Those were the good ones, those students feigning work. They came to class. The other nine took the day off, accepting the less-honorable but also less-embarrassing option of revealing they had ignored the semester’s most demanding assignment for 10 weeks.
Not much in that scene – which is how my week started – is new. Students do not embrace education. They believe in their “right” to avoid work which they, at the gifted, accomplished age of 20, sense irrelevant to their significant lives. They know they will write about rising Hollywood stars, super athletes and rock bands, certainly not “humdrum” Evansville inhabitants. So, what’s the point? They appreciate the university’s interest in skillful writing, but they recognize grammatical rules as mere details, perhaps simple guidelines allocated to subordinates such as editors. When those “scholars” become professionals, they will be far too busy making money to trouble themselves with spelling, grammar, accuracy or deadlines.
You believe I exaggerate.
The system is broken. I do not know how to fix it. When I began teaching 17 years ago, students demanded challenges. Scary. For example, I mentioned 20th century novels that journalism students should know for cultural literacy. Most had never heard of Ken Kesey’s One Flew Over the Cuckoo’s Nest, Ernest Hemingway’s A Farewell to Arms or Robert Penn Warren’s All the King’s Men. Finally, two students demanded a list. I created one.

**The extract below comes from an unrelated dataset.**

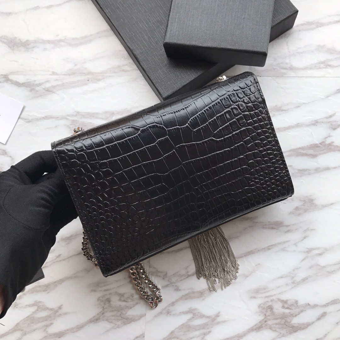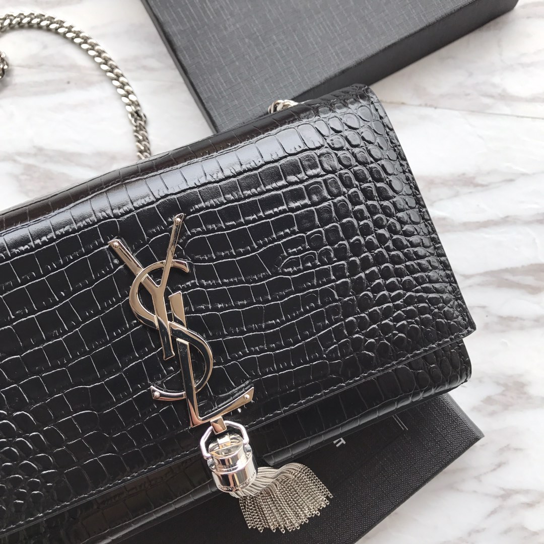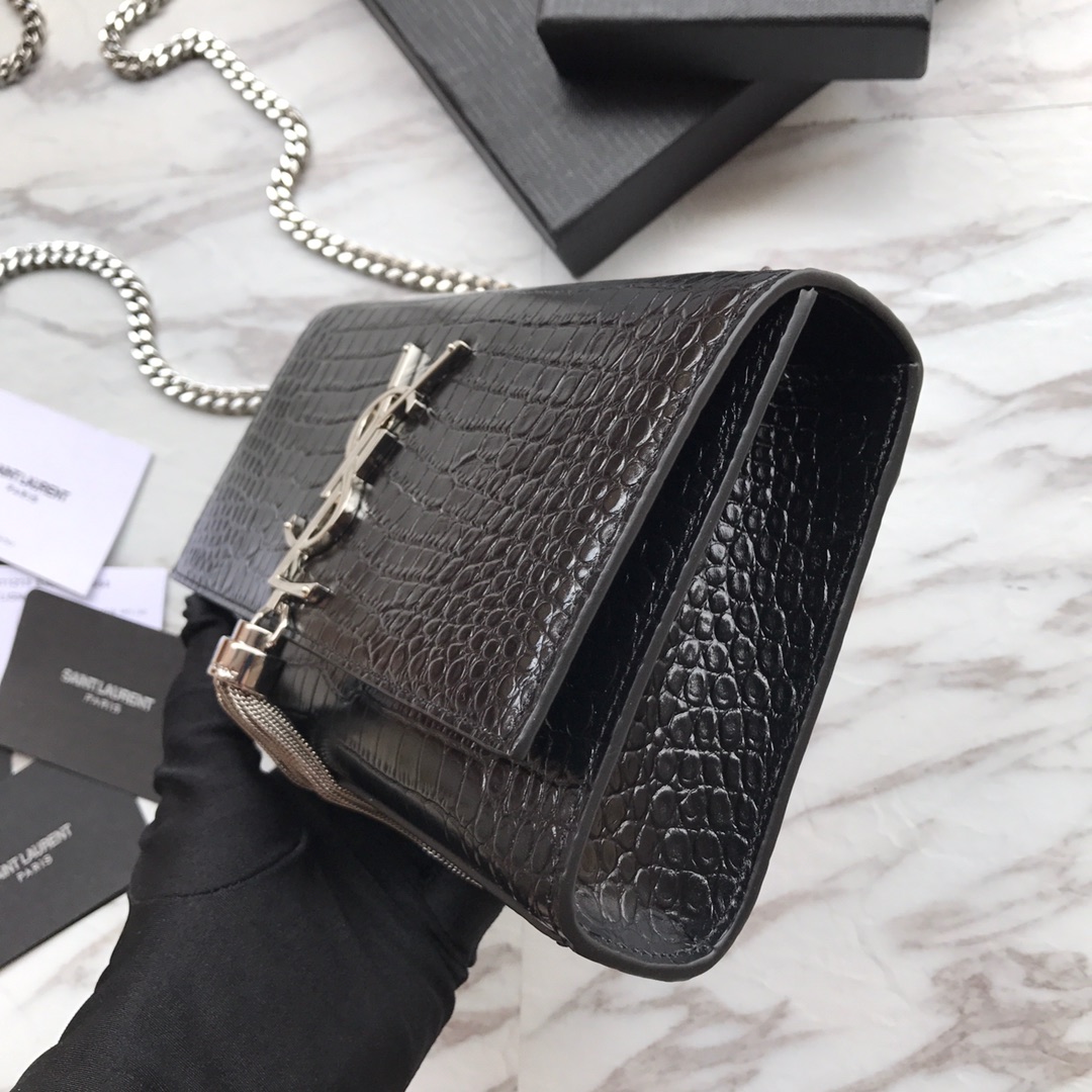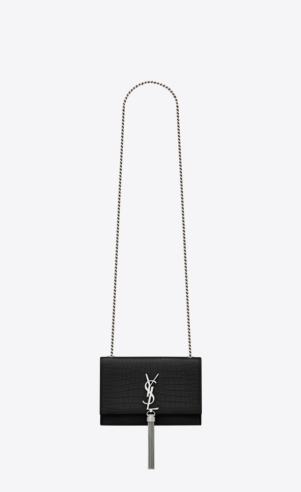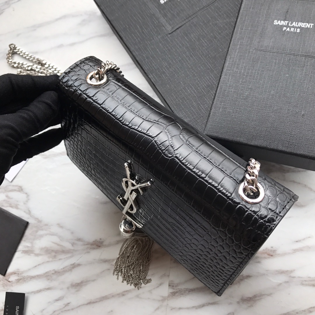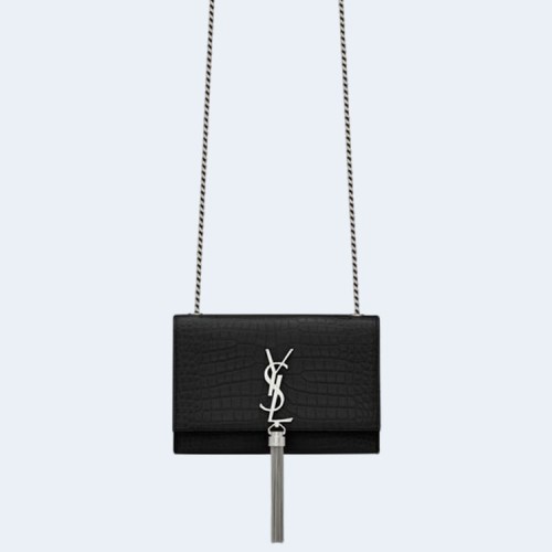 생로랑 크로커다일 케이트 스몰 태슬백 블랙 실버
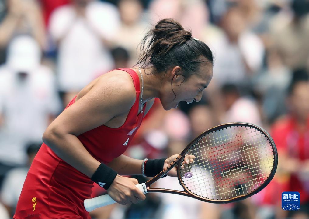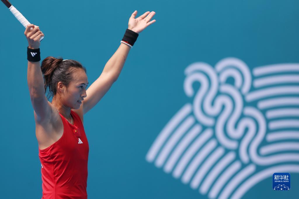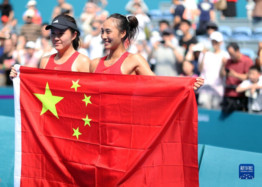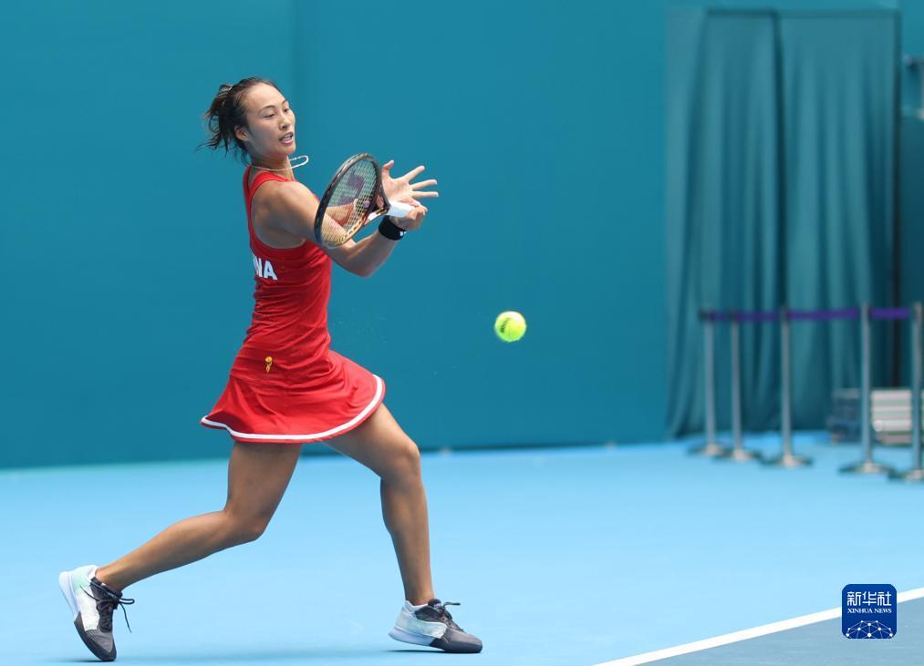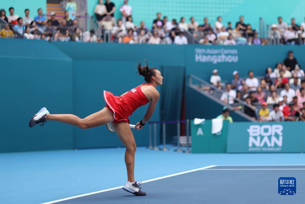 当日,在浙江杭州奥体中心网球中心进行的杭州亚运会网球女子单打决赛中,中国选手郑钦文以2比0战胜队友朱琳,夺得冠军。

Those two students bragged to one another how far they were progressing through Roat’s list – Robert M. Pirsig, Eudora Welty, Raymond Chandler, Joseph Heller, Hunter S. Thompson, Lee Smith, Kurt Vonnegut and so on. One of those two demanding students is now a Louisville lawyer preparing briefs for the U.S. Supreme Court. The other is a senior editor at the Mayo Clinic.
Today’s scholars roll their eyes, glance at their watches and check their phones for text messages. Clear, effective writing is not their worry. High school and college composition enabled them to focus on their feelings about life. They are experts at “self actualizing.” They are steeped in gender studies. Students live in a world where it is nearly illegal to hurt their feelings or damage their self-images. They are insulated from injury. No cause and effect relationship exists within their environment. Indeed the environment exists for them. Knowledge is not something they understand, verify, test or learn. Indeed not. Knowledge is something they feel.
Maybe I’m wrong.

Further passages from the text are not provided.